Edited by Allan T. Shulman
Balcony Press, 2010, 414 pp, $85 hardcover

Miami Modern Metropolis begins in earnest after World War II, when Miami Beach, the most striking and appealing place in southeast Florida, was already well under way. Miami Beach’s pattern of pedestrian-oriented streets was set, fronted by Deco and Moderne buildings. On the mainland, the city of Miami also had a downtown, a historic African-American neighborhood called Overtown, and new suburbs mostly for whites, like Coral Gables, built by “town founders” like George Merrick. Miami’s reputation as a fantasy playground for America had stuck in the public imagination, but the metropolis was still relatively small and human-scaled.

In the period from 1945 to 1975, when the population more than quadrupled, much of that human scale was swept away — especially in Overtown, deemed a good site for highway construction and urban renewal. This book tells the story of a city that was overrun by sprawl, much like America as a whole. But the dream, and the images that sold it, are hypnotic. If you want to understand sprawl and why America was so taken by it, Miami Modern Metropolisoffers plenty of insight.

Visit the Miami area today and you’ll discover that the best parts — like Miami Beach and Coral Gables — were largely built prior to World War II. The promise of the 1950s, on the other hand, has soured. The tract housing that was supposed to provide a better life for most families has turned into sprawl. Much of the industrial park activity has been shipped overseas. Shopping centers and modern buildings have not aged so well. Miami is no longer America’s fantasy playground.

Yet for a shining period covered in this book, the future looked really, really bright — if you didn’t happen to be African-American. This is the suburban, modern America Dream at its purest and most potent.
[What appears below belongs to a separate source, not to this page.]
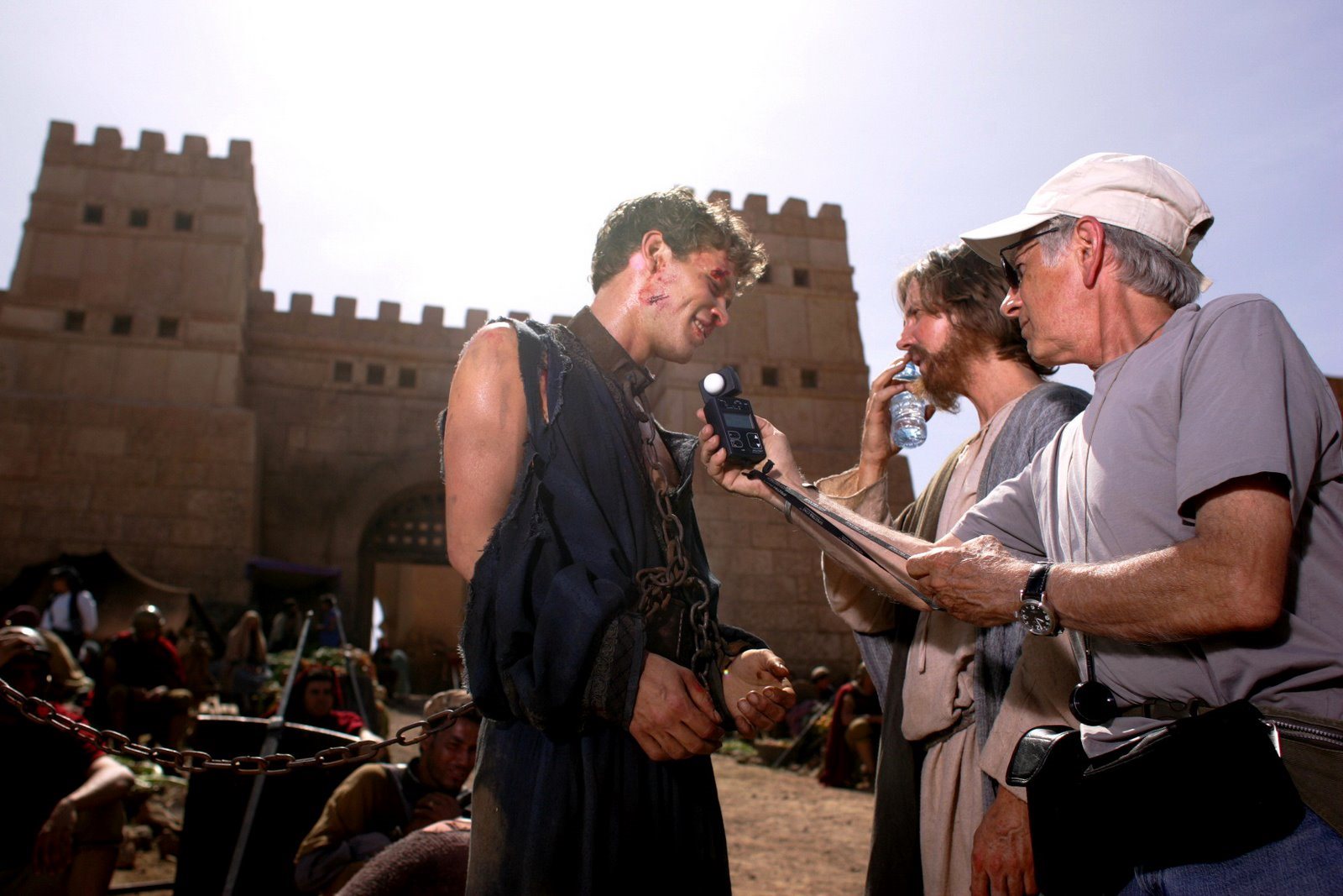 Note also that the actor playing Jesus is holding a water bottle. That's kind of funny, since it looks like the scene they are working on is the one in which Jesus gives Judah a drink of water – but presumably out of a gourd or some similar vessel, and not a plastic bottle!

The photographs show no age or wear, and present the designs in their best light, at the best time. The downside of all of this growth was not apparent at that time to most people. In the middle of the 20th Century, Miami’s architects, builders, and most of its citizens were on a roll.

Miami Modern Metropolis is visually lavish. The images are so strong that the reader is led to flip through the book again and again, reading the captions and devouring the photographs and renderings. This book has a lot of text, structured as a series of essays by many writers. Some of the writing is vivid, like the chapter on highways by Kara Wood.

There are illuminating passages: “The car, tract home, and TV set, far from simply constituting the booty of an economic boom, were symbiotically linked artifacts of a middle-class lifestyle revolution made possible through an increasingly even distribution of national wealth — once the basis for federal economic policy, now yet another quaint and nostalgic aspect of America’s postwar modernity,” writes Greg Castillo in an essay.

Miami Modern Metropolis examines some of the major plans for Miami during this period. A plan for downtown by the renowned Greek town planner and architect Constantinos Doxiadis is held up as the apogee of planning for Miami during this period. It is probably better than a lot of plans from that time. Yet the aerial view of the plan, from the mid-1960s, shows what would have been a numbingly repetitive series of glass box towers on the waterfront. The plan was ultimately shelved, probably to the city’s benefit.

The book coincides with “the lowest ebb of planning culture in American history,” notes Jean-Francois Lejeune in one essay. In Miami this “resulted in undifferentiated and rampant sprawl,” he says. There were flashes of good sense, such as the town center for the 1960s Miami Lakes master-planned community, which remains walkable to this day. The conversion of Lincoln Road in Miami Beach to a pedestrian mall created a place that is appealing still. But these were exceptions.

Coherent urban planning in Miami was ultimately pushed aside in favor of a vague vision of a better future through high-speed travel and modern design. To buy into that vision completely, the city willingly gave up the street and the human scale. It was a Faustian bargain.